By ANGELA GREGORY and RUPERT CORNWELL
George W. Bush has inadvertently thrown the international spotlight on a question dear to most people's hearts - how much annual leave does a leader deserve?
The question arose because Mr Bush has decided to take a month off to spend at his ranch in Texas, raising the ire of many in the United States where holidays are regarded as more of a privilege than a right.
Many Americans get just two weeks annual holiday.
As the Washington Post added fuel to the controversy by claiming Bush had spent 42 per cent of the time since his January inauguration on holiday, the spotlight has gone on the holidaying habits of leaders around the world, including New Zealand.
While George W. Bush stays home on the range for the northern hemisphere summer, Italian Prime Minister Silvio Berlusconi is off on his yacht, Russia's Vladimir Putin is wallowing in Soviet nostalgia and Gerhard Schroder, of Germany, is going cheap again.

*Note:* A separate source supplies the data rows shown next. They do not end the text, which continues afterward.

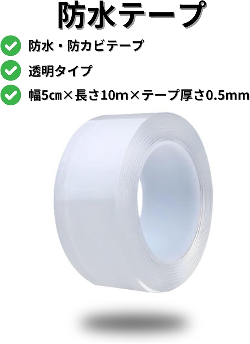 | 商品名 | 防水テープ 透明テープ 補修テープ 幅広 浴槽 キッチン 洗面台 コンロ周り 配管 防水 防カビ 汚れ防止 強粘 |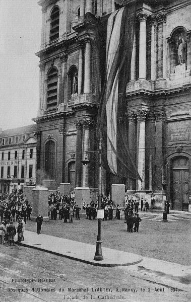 galerie / 08 - Fêtes et manifestations officielles et civiles, expositions... / 1 - Manifestations officielles / 1934 - Obsèques nationales du Maréchal Lyautey à Nancy (2 août) / 4 - Obsèques nationales du Maréchal Lyautey à Nancy (2 août 1934) / Devant la cathédrale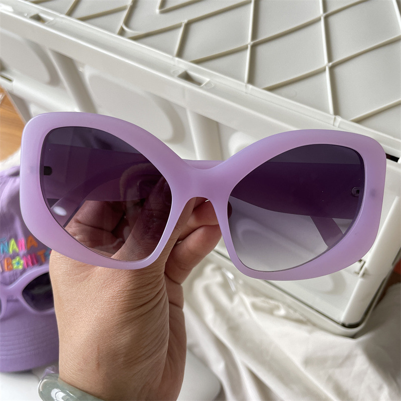 라이트 퍼플 큰 프레임 눈 보호 선글라스 2024 새로운 패션 복고풍 다목적 선 스크린 고양이 눈 선글라스 여성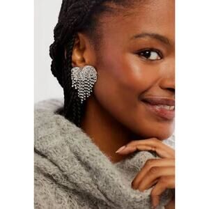 Turn up the sparkle with the Hearts On Fire Dangle Earrings by Free People. These stunning rhinestone-encrusted earrings feature a bold heart silhouette and cascading crystal fringe for a showstopping look. Perfect for date night, concerts, special occasions, or dressing up a casual outfit. New with tags (NWT).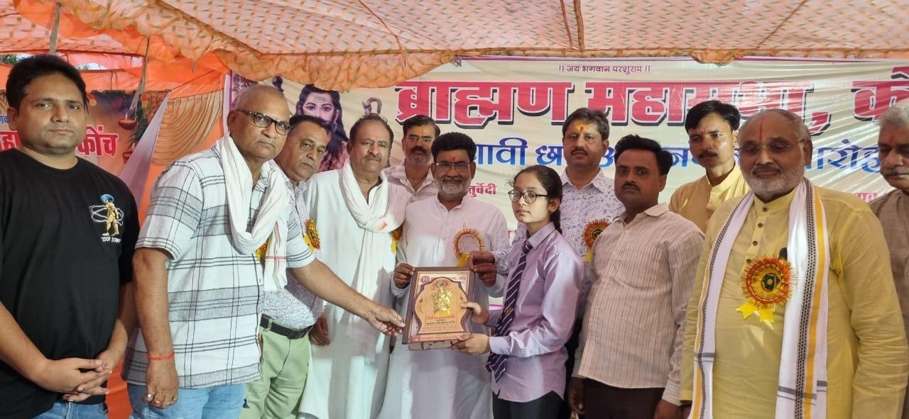 उरई (जालौन)। ब्राह्मण महासभा ने भगवान परशुराम मंदिर प्रांगण में प्रतिभा मेधावी छात्र सम्मान समारोह आयोजित कर छात्र छात्राओं को प्रशस्ति पत्र एवं स्मृति चिन्ह देकर सम्मानित किया। इसके साथ ही विप्र समुदाय के सभासदों के अलावा नगर के टीवी मैकेनिक दिवीश शुक्ला के होनहार बेटे अश्विनी शुक्ला के यूपीएससी में चयनित होने पर उसके पिता को सम्मानित किया गया।

In the southern hemisphere, Australian PM John Howard prefers to kick back at his house in Sydney for three weeks over January, reading books and watching cricket.
Standing out is Prime Minister Helen Clark, who is far more adventurous than her peers.
Last summer she took a month-long trip to climb 6960m Mount Aconcagua in Argentina.
She said leaders need good holidays.
"I actually feel sorry for the President of the United States. It is impossible for him to have a holiday where he won't be recognised and someone won't call.
"I would be 1000 per cent sure that even at his ranch he's got the phone, the fax, and the email going ... you would never get away from that."
She had had her first and only "total break" since becoming Prime Minister when she went climbing in South America.
"I could do that completely anonymously ... if I want a complete break I have to go overseas."
She said her position did not come with a job description so her length of holiday was whatever she felt appropriate.
Bearing in mind she worked seven days a week, she said about every four months she would take up to five days off. "But I am never away from the phone."
Russia's President Putin is spending the northern summer in Bocharov Ruchei, the Kremlin's official residence in the resort of Sochi on the Black Sea.
The Russian leader caused a stir last year when he ignored modern political practice by staying at the beach as the submarine Kursk went down with all hands.
One European leader with a taste for the basic is Gerhard Schroder. Dubbed the "Cashmere Chancellor" after he appeared in GQ magazine wearing a suit of that fabric, he is not one to pay for a flash villa or hotel, preferring to spend his time with wife Doris and 10-year-old stepdaughter Klara in a modest house near Pesaro in Italy.
Like any other German civil servant, Mr Schroder gets 30 days holiday but takes only 25 days.
The French Prime Minister, Lionel Jospin, is choosing to stay in the quiet surroundings of his modest second home in D'Oleron on France's Atlantic coast.
Jose Maria Aznar, Spain's Prime Minister, has abandoned his usual villa in Oropesa near Benidorm, after questions were raised this year about the businessman who loaned him the house.
Instead, he will be holidaying on Menorca where he will stage his annual photo-call, coming out of the surf to slick back his hair for the cameras.
One politician who has no need to borrow a villa from anyone is Silvio Berlusconi, the tycoon-turned-Italian PM, who will take his million-pound yacht to his luxury home in Sardinia this month.
The big loser is the French President, Jacques Chirac. Under siege after holidays to Mauritius, Japan and Morocco, he has been forced by public opinion to stay at the French equivalent of Chequers, the British Prime Minister's country residence, in Fort Bragancon in the Var region. It's an imposing, dusty relic, and Mr Chirac absolutely hates it.
In America, White House officials have billed President Bush's ranch stay as a "working vacation" that would allow him to mull over matters of state.
A recent survey found that almost a quarter of Americans did not take even the small number of days off allowed by their firms and more than 40 per cent took their laptop computer and mobile telephone with them.
In most companies, junior employees were granted 10 working days of holiday each year. Even at the top end, holiday allowances rarely exceed 20 days.
In New Zealand workers are entitled to minimum annual holiday of three weeks (15 days) a year, and Australians four weeks (20 days).
In Britain employees get at least four weeks' paid leave a year.